Chronic bacterial prostatitis (CBP) involves infection and inflammation of the prostate gland in men of all ages. It can cause problems urinating, including discomfort and pain, increased frequency and urge, or problems emptying the bladder. Bacteria infecting the prostate are the cause of CBP. These bacteria may be sexually transmitted. To cure CBP, antibiotics must be administered for extended periods of time (four weeks or longer), but a permanent cure is not always guaranteed. Other drugs may be combined with antibiotics to improve CBP symptoms. This review found that fluoroquinolones like ciprofloxacin, levofloxacin, lomefloxacin, ofloxacin or prulifloxacin have equivalent effects and equivalent success rates in CBP patients. If atypical bacteria like chlamydia are suspected to cause CBP, macrolide antibiotics such as azithromycin may achieve better results compared to the fluoroquinolone ciprofloxacin. It must be taken into account that some of the studies that have been performed are of poor quality or have been performed on small numbers of participants. More studies are needed, focusing on new agents or on optimized doses of currently prescribed antibiotics.
The microbiological and clinical efficacy, as well as the adverse effect profile, of different oral fluoroquinolones are comparable. No conclusions can be drawn regarding the optimal treatment duration of fluoroquinolones in the treatment of CBP caused by traditional pathogens.
Alternative antimicrobial agents tested for the treatment of CBP caused by traditional pathogens are co-trimoxazole, beta-lactams and tetracyclines, but no conclusive evidence can be drawn regarding the role of non-fluoroquinolone antibiotics in the treatment of CBP caused by traditional pathogens.
In patients with CBP caused by obligate intracellular pathogens, macrolides showed higher microbiological and clinical cure rates compared to fluoroquinolones.
Chronic bacterial prostatitis (CBP) is frequently diagnosed in men of fertile age, and is characterized by a disabling array of symptoms, including pain in the pelvic area (for example, perineum, testicles), voiding symptoms (increased frequency and urgency, also at night; pain or discomfort at micturition), and sexual dysfunction. Cure of CBP can be attempted by long-term therapy with antibacterial agents, but relapses are frequent. Few antibacterial agents are able to distribute to the prostatic tissue and achieve sufficient concentrations at the site of infection. These agents include fluoroquinolones, macrolides, tetracyclines and trimethoprim. After the introduction of fluoroquinolones into clinical practice, a number of studies have been performed to optimize the antimicrobial treatment of CBP, and to improve eradication rates and symptom relief.
To assess and compare the efficacy and harm of antimicrobial treatments for chronic bacterial prostatitis.
We searched the Cochrane Central Register of Controlled Trials (CENTRAL), MEDLINE (PubMed), EMBASE, other national or international databases and abstracts from conference proceedings on 8 August 2012.
We included all randomized controlled comparisons of one antimicrobial agent versus placebo or one or more comparator antimicrobial agents, combined or not with non-antimicrobial drugs. We also included trials comparing different doses, treatment durations, dosing frequencies, or routes of administration of antimicrobial agents. We excluded studies in which patients were not diagnosed according to internationally recommended criteria, or were not subjected to lower urinary tract segmented tests.

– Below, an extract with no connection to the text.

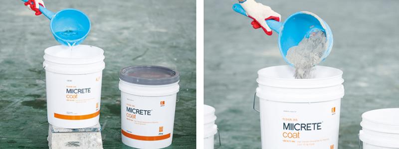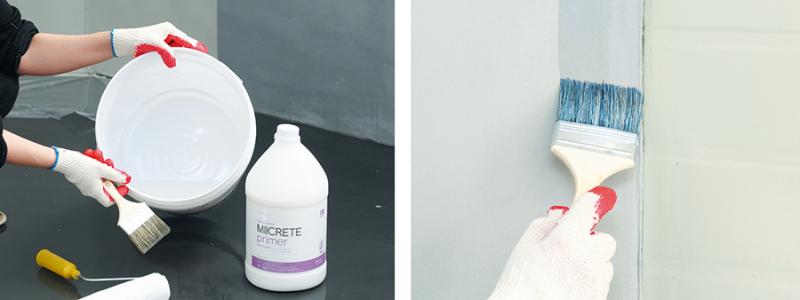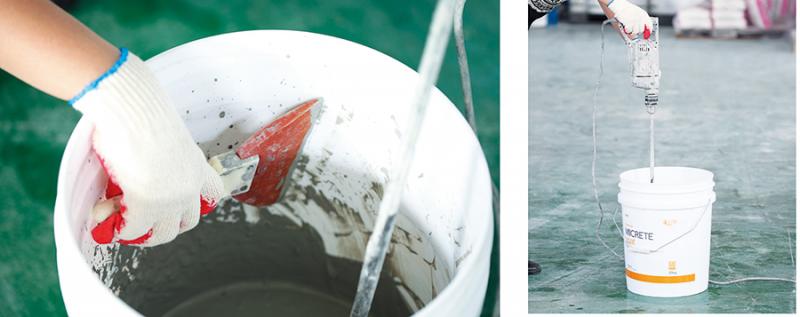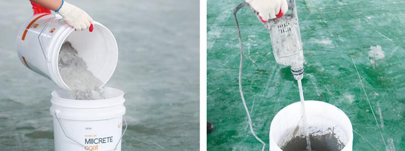 04> >프라이머가 건조될 동안 모르타르를 준비한다>. >콘크리트와 물을 믹싱할 때 배합 비율에 따라 색상 차이가 날 수 있다>. >매뉴얼을 참고해 정확한 비율로 믹싱해야 한다>. >모르타르가 건조할 수 있으니 콘크리트는 >5>㎏ >단위로 섞어서 쓰는 것이 좋다>.
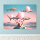 Surrealistisk drömlandskap med hajar och ballonger canvastryck

Study data were extracted independently by two review authors. Study outcomes were microbiological efficacy (pathogen eradication), clinical efficacy (symptom cure or improvement, or symptom scores) at test-of-cure visits or at follow-up, or both, and adverse effects of therapy. Secondary outcomes included microbiological recurrence rates.
Statistical analysis was performed using a fixed-effect model for microbiological outcomes and a random-effects model for clinical outcomes and adverse effects. The results were expressed as risk ratios for dichotomous outcomes (with 95% confidence intervals) or as standardized mean differences for continuous or non-dichotomous variables.

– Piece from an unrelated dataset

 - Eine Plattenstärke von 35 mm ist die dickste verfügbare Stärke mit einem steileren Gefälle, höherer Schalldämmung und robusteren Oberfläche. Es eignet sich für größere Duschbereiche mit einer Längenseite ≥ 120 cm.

We identified 18 studies, enrolling a total of 2196 randomized patients. The oral fluoroquinolones ciprofloxacin, levofloxacin, lomefloxacin, ofloxacin and prulifloxacin were compared. There were no significant differences in clinical or microbiological efficacy or in the rate of adverse effects between these fluoroquinolones. In chlamydial prostatitis, (i) azithromycin showed improved eradication rates and clinical cure rates compared to ciprofloxacin, with no significant differences regarding adverse effects; (ii) azithromycin was equivalent to clarithromycin, both microbiologically and clinically; (iii) prulifloxacin appeared to improve clinical symptoms, but not eradication rates, compared to doxycycline. In ureaplasmal prostatitis, the comparisons ofloxacin versus minocycline and azithromycin versus doxycycline showed similar microbiological, clinical and toxicity profiles.